As long as you're respectful with what you're writing, I don't think anyone has any reason to get up in arms about it. I'm not a fan of people who says you shouldn't have certain characters of a certain race if it isn't your own. If you're a storyteller, you should be allowed to storytell, ya dig?
For some reason, in recent years, I feel like this belief has been challenged a lot (I agree with you). A lot of that is because of our strides at progressing as a society (or our attempts to), and what is okay and what isn't. Everything is more complicated now and there are a lot of needles to thread in satisfying everyone's beliefs.
For example, if you're an actor and cast as a person in a wheelchair in spite being able to walk.

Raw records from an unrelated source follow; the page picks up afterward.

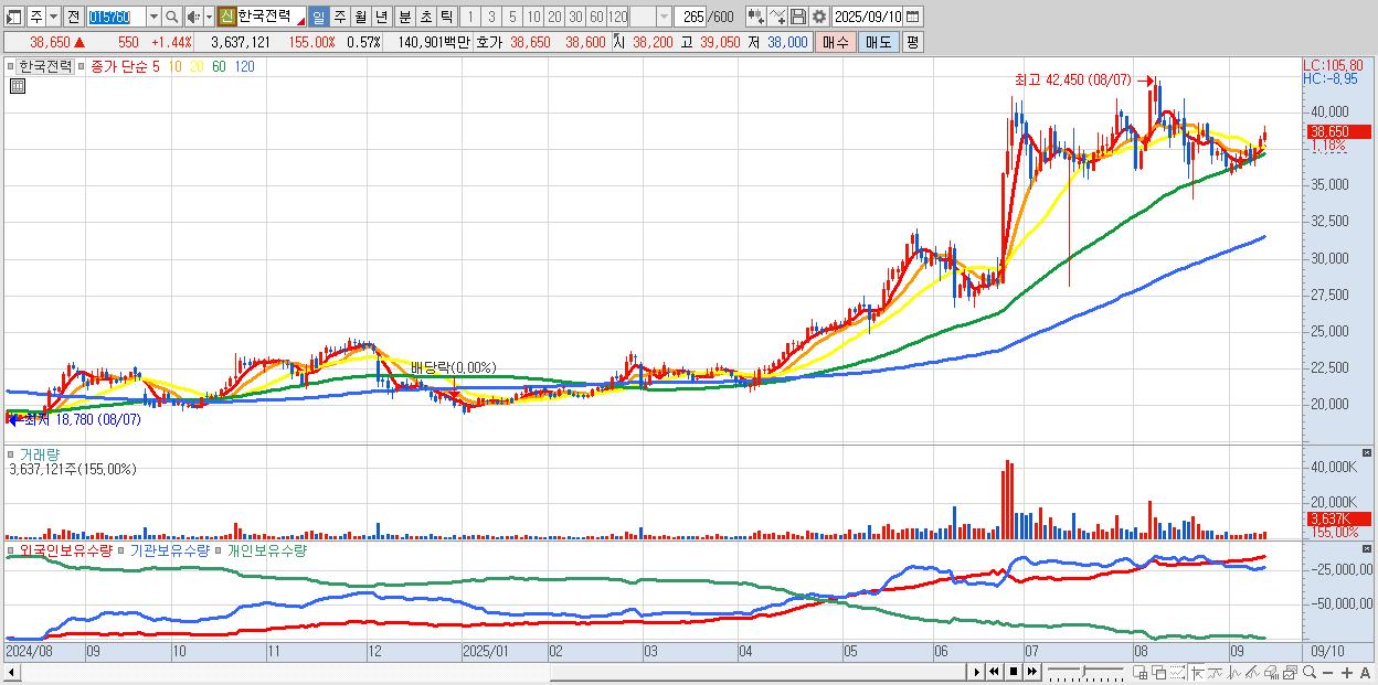 - 한국전력 (38,700원 ▲ 1.57% , 시총: 248,440억, 외국인 순매수 거래금:271억)
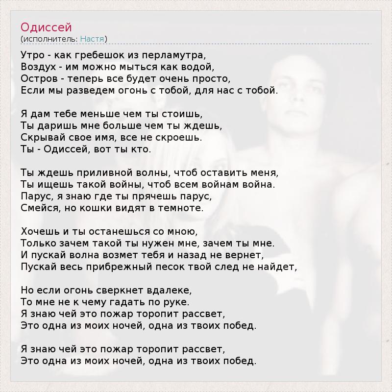 Это интересно:Настя Полева родилась в Свердловске(Екатеринбург) и впервые выступила в роли вокалистки хард-рок группы Трек в 1980. После этого она какое-то время выступала в группе Nautilus Pompilius и в 1986 начала писать собственную музыку. В 1986 записан первый альбом Тацу, музыкальный материал которого проникнут духом доселе неведомой советским гражданам экзотики. С тех пор группа часто... продолжение
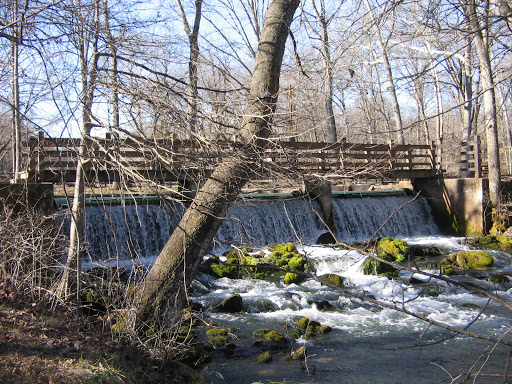 Maramec Springs Park has a waterfall at one end of the pond where the water comes from the spring.
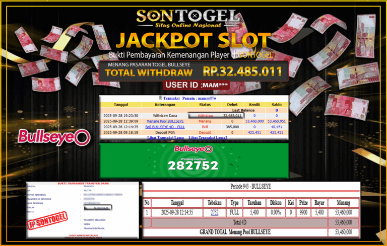 JP SONTOGEL PASARAN TOGEL BULLSEYE Rp.32.485.011
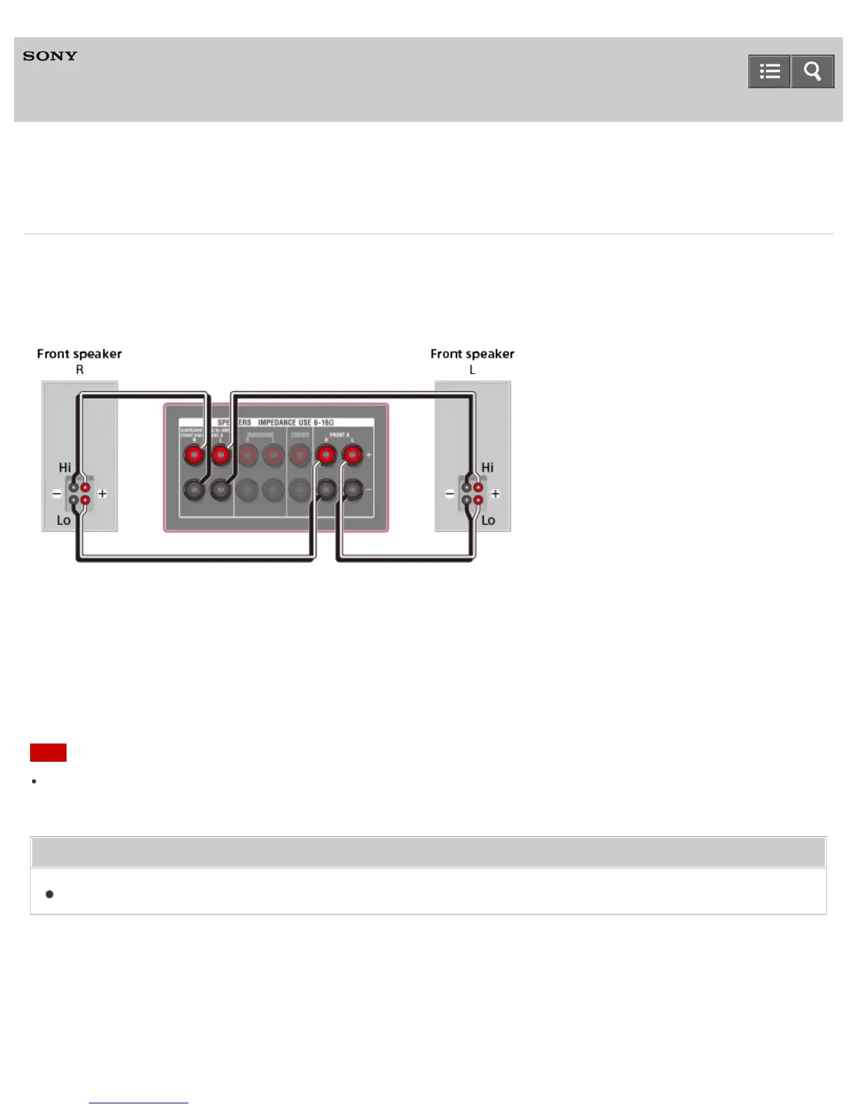 jacks on the Hi (or Lo) side of the front speakers to the SPEAKERS SURROUND BACK/BI-AMP/FRONT HIGH/FRONT
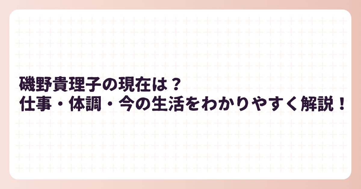 そこで今回は、磯野貴理子さんの現在の仕事・体調・今の生活についてわかりやすく解説していきます!
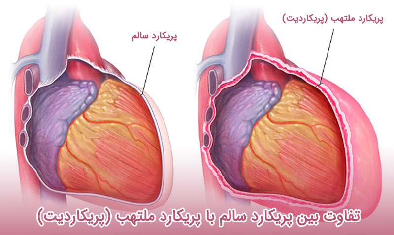 در تصویر زیر می توانید تفاوت پریکارد سالم و پریکار ملتهب را مشاهده نمایید .
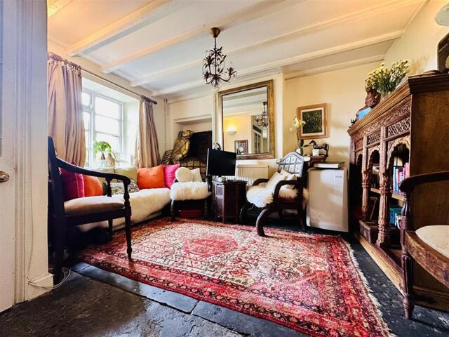 Living /Family Room/Dining Room - 6.12m x 3.63m (20'1 x 11'11) - A front aspect room with wooden double glazed window to the living room end and a wooden double glazed window to the dinning end. It is currently configured as one big living area although to the dining room end there is plenty of room for a dining table and chairs. The room has beautiful original flag stone flooring, two ceiling lights, original ceiling beams, two radiators, original cast iron open fire with Draycott Stone Hearth, There is a door to the hallway.
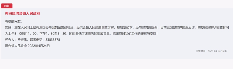 秀洲區洪合鎮人民政府對此高度重視,並於(yu) 4月24日進行了回應,並回複稱,經洪合鎮人民政府調查了解,已與(yu) 徐女士進行了溝通協調,目前已將徐女士所住小區附近的反詐、防疫智慧喇叭的播放時間調整為(wei) 上午8:00至11:00,以及下午1:30至5:30,同時調低了該喇叭的播放音量。
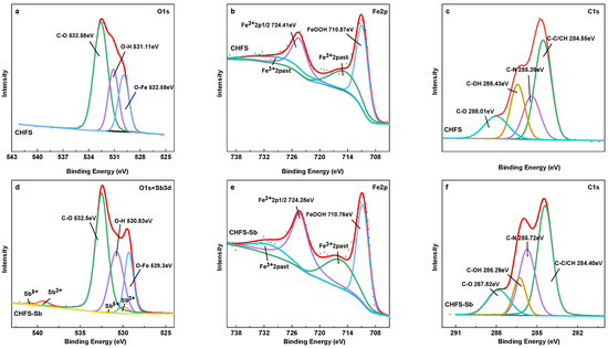 The Fe2p is depicted in Figure 8b,d before and after Sb(III) adsorption by CHFS. The fitting data demonstrate that the iron in CHFS is amorphous FeOOH, compatible with the above XRD findings. After adsorption, the binding energies of Fe2p3/2 and Fe2p1/2 dropped from 710.87 eV and 724.41 eV to 710.70 eV and 724.28 eV, respectively. This might have resulted from the electron transfer that occurs when Fe and Sb form complexes, which lowers the binding energy. Based on the O1s narrow spectrum scan of CHFS (Figure 8a,d), the binding energy of the O–Fe bond reduced from 529.92 eV to 529.30 eV after adsorption, and the integral area ratio decreased from 21.02% to 19.58%. All of them demonstrated that Fe was involved in the process of Sb adsorption to create the Fe–O–Sb inner-sphere complex. Potential chemical processes might result in the inner-sphere complex when Sb(III) and FeOH interact.
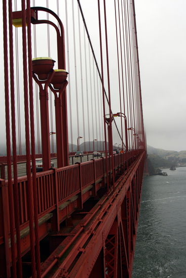 Ursprünglich hatten wir vor, mit dem Schiff nach Alcatraz zu fahren, aber da wir nicht schon im Voraus gebucht hatten schauten wir in die Röhre. Die Alcatraz Cruises waren schon die nächsten zwei Tage komplett ausgebucht. Deshalb empfiehlt es sich, die Tickets schon im Voraus zu buchen; dazu sollte man jedoch die genaue Zeit des Aufenthaltes in S.F. wissen, was bei uns nicht der Fall war und wir auf eine Onlinebuchung verzichteten. Da wir erklärte Kulturbanausen sind und uns die meisten Museen kalt lassen fehlte jetzt nur noch ein Punkt auf unserer Liste: Die Golden Gate Bridge. Hier hatten wir saumäßig Glück und fanden am total überfüllten View Point einen Parkplatz.

Do you take that role? Is that disrespectful to other actors
really in wheelchairs that can't find roles? You're an actor -
you pretend to be a cowboy in the West or an old-school gangster. Where is the line on what's acting and what's not taboo? Sometimes, it feels like you only find the answer when you've gotten in trouble for it.
It's complicated and it doesn't have an easy answer.
As a writer, I command the right to write about whatever I want. No one will tell me what I can or can't write about. Nobody. However, as a person, I take on that right with a deep sense of responsibility and try to uphold myself to the best standard I can.
Thus, more often than not, I try to
write people more than I try to write exact representations of races. All of my stories happen inside a fictional world with fictional religions and races, etc., and I try to show the fact humans are multifaceted and complex.